> **SOURCE DATA**:
******************************

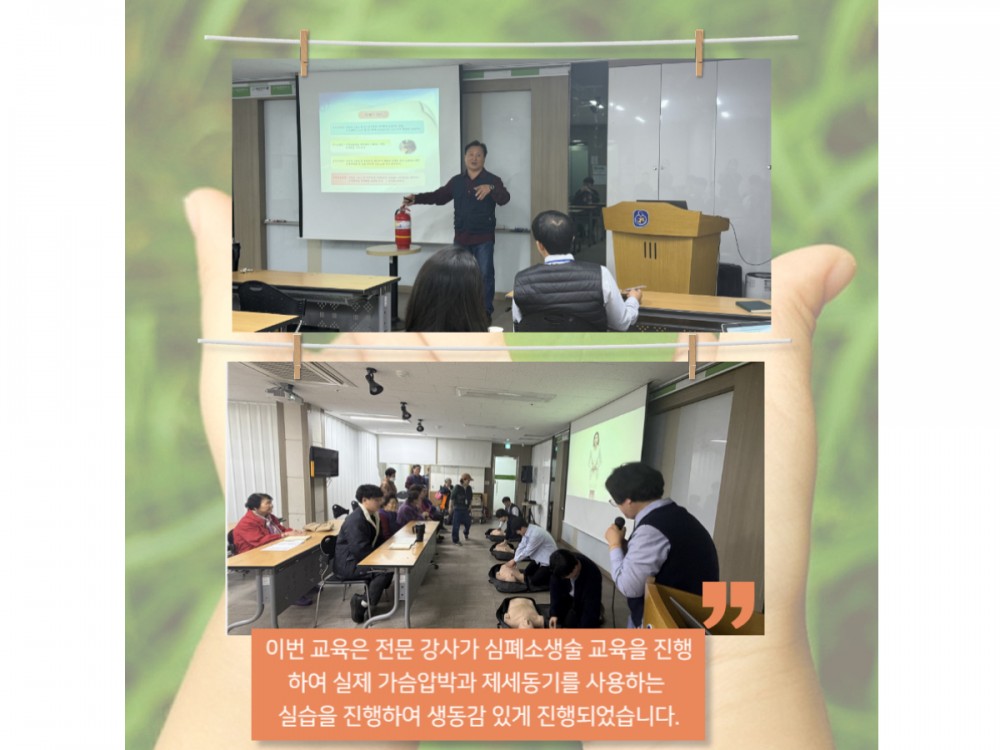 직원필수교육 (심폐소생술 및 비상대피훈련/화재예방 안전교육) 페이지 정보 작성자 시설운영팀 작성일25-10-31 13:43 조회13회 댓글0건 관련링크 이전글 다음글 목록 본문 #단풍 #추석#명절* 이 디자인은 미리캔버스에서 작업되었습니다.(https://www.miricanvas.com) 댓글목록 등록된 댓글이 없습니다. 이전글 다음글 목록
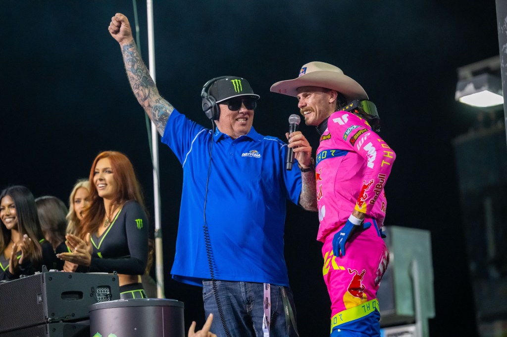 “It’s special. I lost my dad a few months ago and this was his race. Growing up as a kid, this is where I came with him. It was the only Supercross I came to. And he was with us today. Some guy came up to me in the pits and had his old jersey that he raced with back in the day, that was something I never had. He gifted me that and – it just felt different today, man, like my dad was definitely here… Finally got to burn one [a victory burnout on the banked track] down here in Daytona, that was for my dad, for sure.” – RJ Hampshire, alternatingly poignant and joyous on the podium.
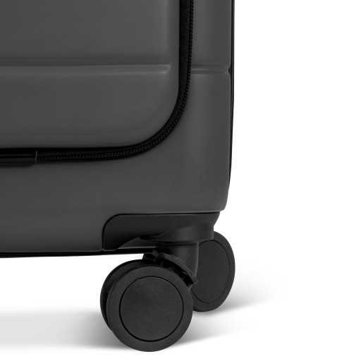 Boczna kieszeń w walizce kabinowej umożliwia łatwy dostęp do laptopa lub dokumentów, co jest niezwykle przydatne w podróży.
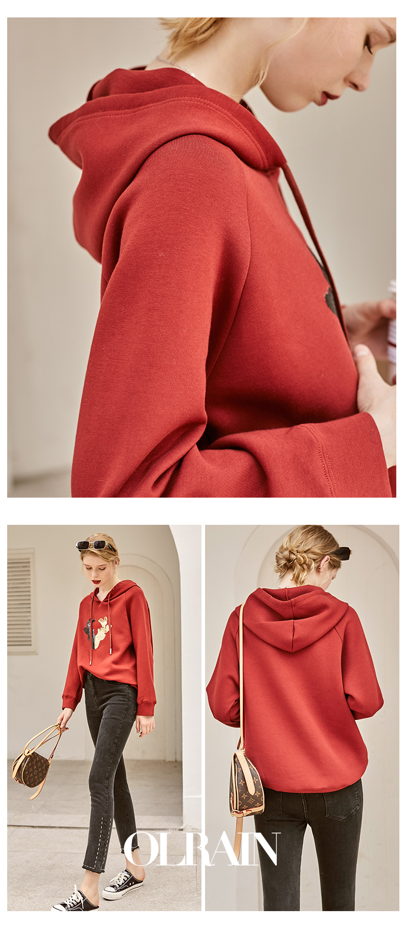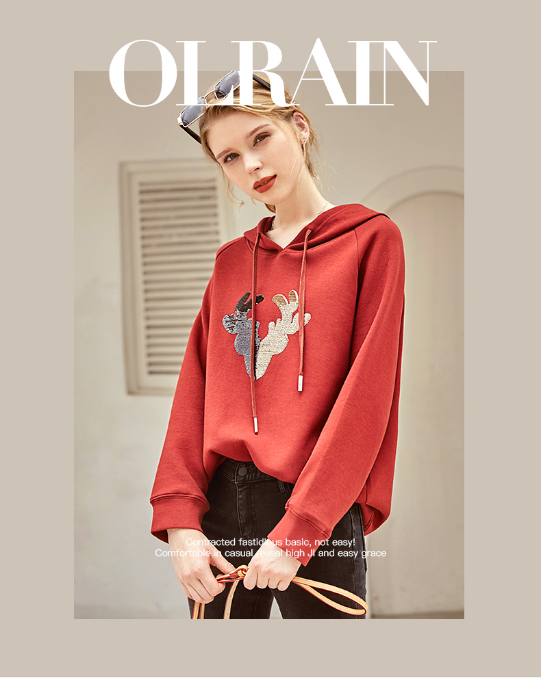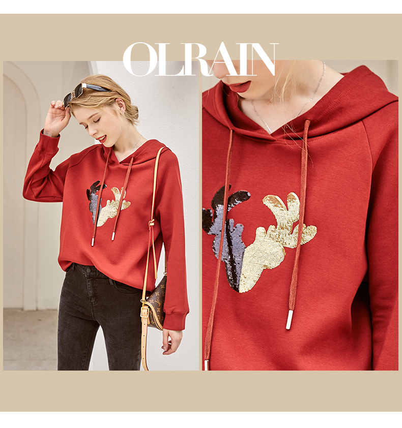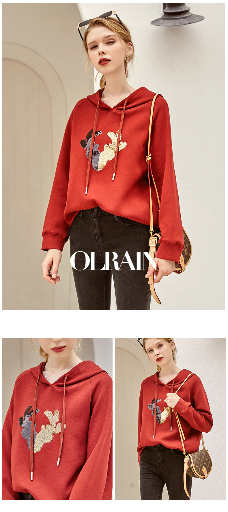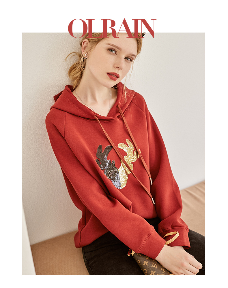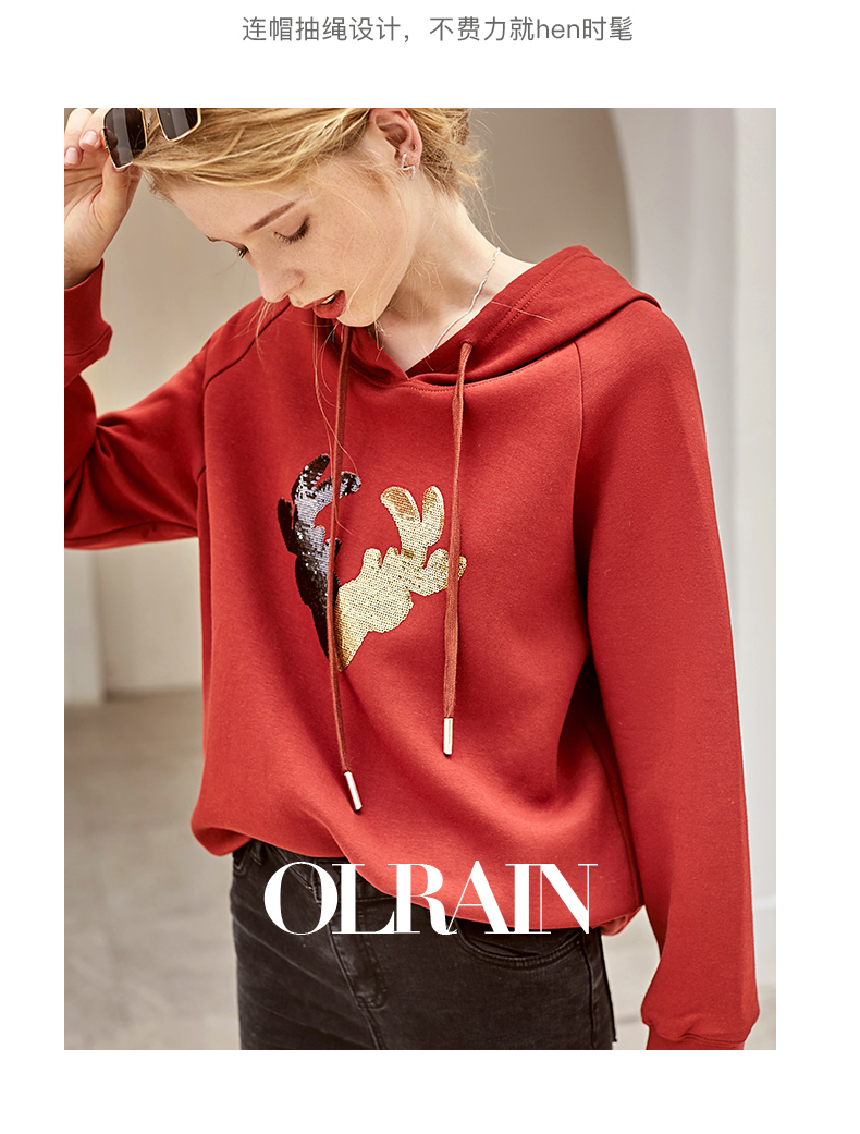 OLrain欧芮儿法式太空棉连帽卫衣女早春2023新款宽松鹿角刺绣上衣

******************************

> **ACTIVITY**: Copy the material exactly as written and leave every picture behind.

> **RESPONSE**:
 직원필수교육 (심폐소생술 및 비상대피훈련/화재예방 안전교육) 페이지 정보 작성자 시설운영팀 작성일25-10-31 13:43 조회13회 댓글0건 관련링크 이전글 다음글 목록 본문 #단풍 #추석#명절* 이 디자인은 미리캔버스에서 작업되었습니다.(https://www.miricanvas.com) 댓글목록 등록된 댓글이 없습니다. 이전글 다음글 목록
 “It’s special. I lost my dad a few months ago and this was his race. Growing up as a kid, this is where I came with him. It was the only Supercross I came to. And he was with us today. Some guy came up to me in the pits and had his old jersey that he raced with back in the day, that was something I never had. He gifted me that and – it just felt different today, man, like my dad was definitely here… Finally got to burn one [a victory burnout on the banked track] down here in Daytona, that was for my dad, for sure.” – RJ Hampshire, alternatingly poignant and joyous on the podium.
 Boczna kieszeń w walizce kabinowej umożliwia łatwy dostęp do laptopa lub dokumentów, co jest niezwykle przydatne w podróży.
 OLrain欧芮儿法式太空棉连帽卫衣女早春2023新款宽松鹿角刺绣上衣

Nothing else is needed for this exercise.